The data processing system may be an internet of things device associated with at least one sensor positioned to collect data representative of an aspect of an environment.

In an embodiment, a non-transitory media is provided that may include instructions that when executed by a processor cause the computer-implemented method to be performed.

In an embodiment, a data processing system is provided that may include the non-transitory media and a processor, and may perform the computer-implemented method when the computer instructions are executed by the processor.

Turning to FIG. 1, a block diagram illustrating a system in accordance with an embodiment is shown. The system shown in FIG. 1 may provide computer-implemented services. The computer-implemented services may include any type and quantity of computer-implemented services. For example, the computer-implemented services may include monitoring services (e.g., of locations), communication services, and/or any other type of computer-implemented services.

To provide the computer-implemented services, the system may include security manager 102. Security manager 102 may provide all, or a portion of, the computer-implemented services. For example, security manager 102 may provide computer-implemented services to users of security manager 102 and/or other computing devices operably connected to security manager 102.

To facilitate performance of the computer-implemented services, the system may include one or more data processing systems 100. Data processing systems 100 may include any number of data processing systems (e.g., 100A-100N). For example, data processing systems 100 may include one data processing system (e.g., 100A) or multiple data processing systems (e.g., 100A-100N) that may independently and/or cooperatively facilitate the computer-implemented services.

All, or a portion, of data processing systems 100 may provide (and/or participate in and/or support the) computer-implemented services to various computing devices operably connected to data processing systems 100. Different data processing systems may provide similar and/or different computer-implemented services.

When providing the computer-implemented services, the system of FIG. 1 may monitor security threats to data processing systems throughout the distributed environment.

However, highly distributed environments may include many data processing systems.
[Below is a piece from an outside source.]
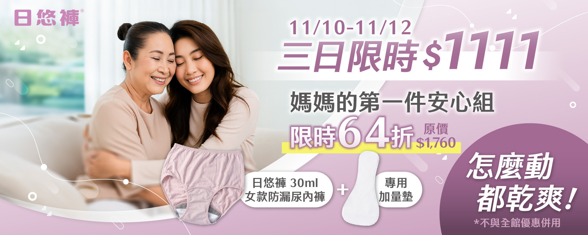 小漏不擔心!日悠褲女用 30ml 吸水內褲 3 件狂降 $1111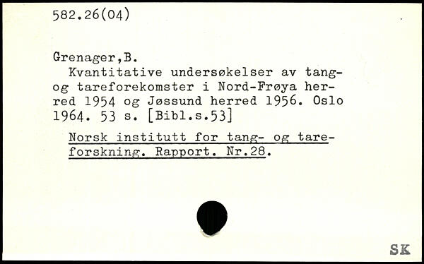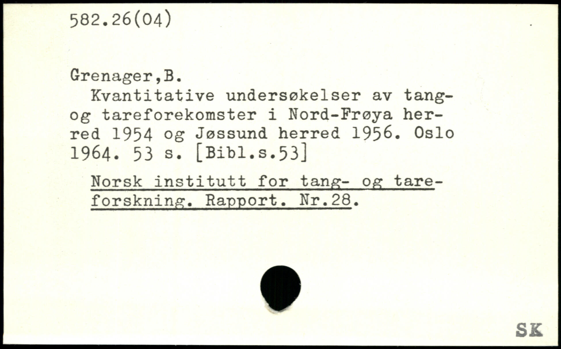 Kvantitative undersøkeiser av tang-| og tareforekomster i Nord-Frøya her red 1954 og Jøssund herred 195&. Oslo 1964.

Analyzing operations performed by each data processing system to monitor security of the distributed environment may consume an undesirable quantity of computing resources, may increase power consumption, and may lead to increased communication system bandwidth usage due to repeated inquiries into the functionality of each data processing system, etc.
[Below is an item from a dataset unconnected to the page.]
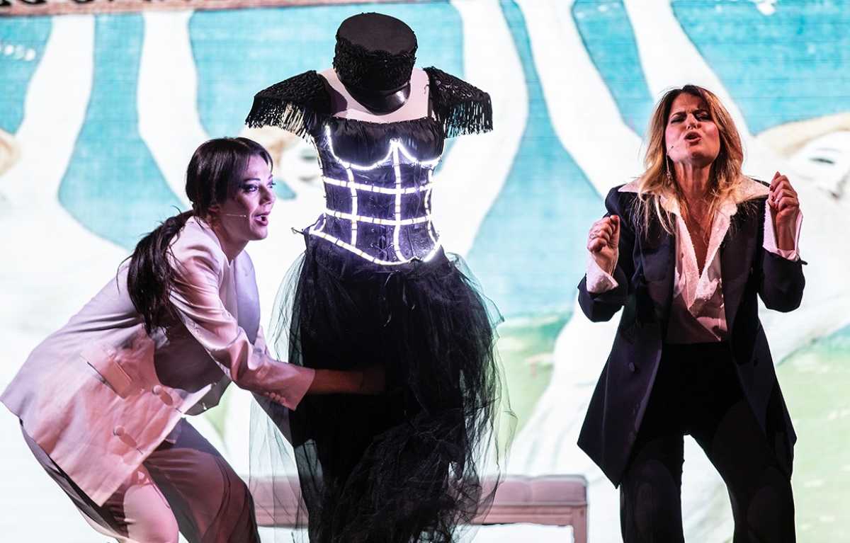 Sul palco, la Sarnelli non è sola: ad accompagnarla ci sono l’attrice Cinzia Cordella e il «Sirene Ensemble», un quintetto tutto al femminile composto dalla pianista Eunice Petito e da un quartetto d’archi. La scenografia, curata nei minimi dettagli e arricchita dai video artistici di Fabiana Fazio e dal disegno luci di Andrea Iacopino, trasforma il recital in un’esperienza multimediale dove la tradizione incontra l’electro-swing e il rap. Il racconto attraversa le storie di sciantose e cantautrici, mettendo alla berlina il maschilismo insito nei versi di ieri e di oggi, con le partecipazioni virtuali di Enzo Gragnaniello e Peppe Lanzetta.

In general, embodiments disclosed herein may provide methods, systems, and/or devices for monitoring security of data processing systems while conserving computing resources. To monitor security of data processing systems, the system of FIG. 1 may host and operate a digital twin of each data processing system throughout the distributed environment. Each digital twin may simulate operation of a corresponding data processing system and may obtain an expected number of computations performed based on the simulated operation. The system may compare the expected number of computations to an operational report provided by the data processing system including an actual number of computations performed by the data processing system under the same conditions (e.g., over a specified duration of time, given identical input data, etc.).

If the expected number of computations and the actual number of computations match (e.g., within a threshold to account for aspects of the simulation and/or the environment in which the data processing system operates), the data processing system may be concluded to not be compromised. If the expected number of computations and the actual number of computations do not match within the threshold, the corresponding data processing system may be subject to further analysis to determine if any adversarial interference has occurred. Data processing systems identified as compromised may be remediated to restore security to the system.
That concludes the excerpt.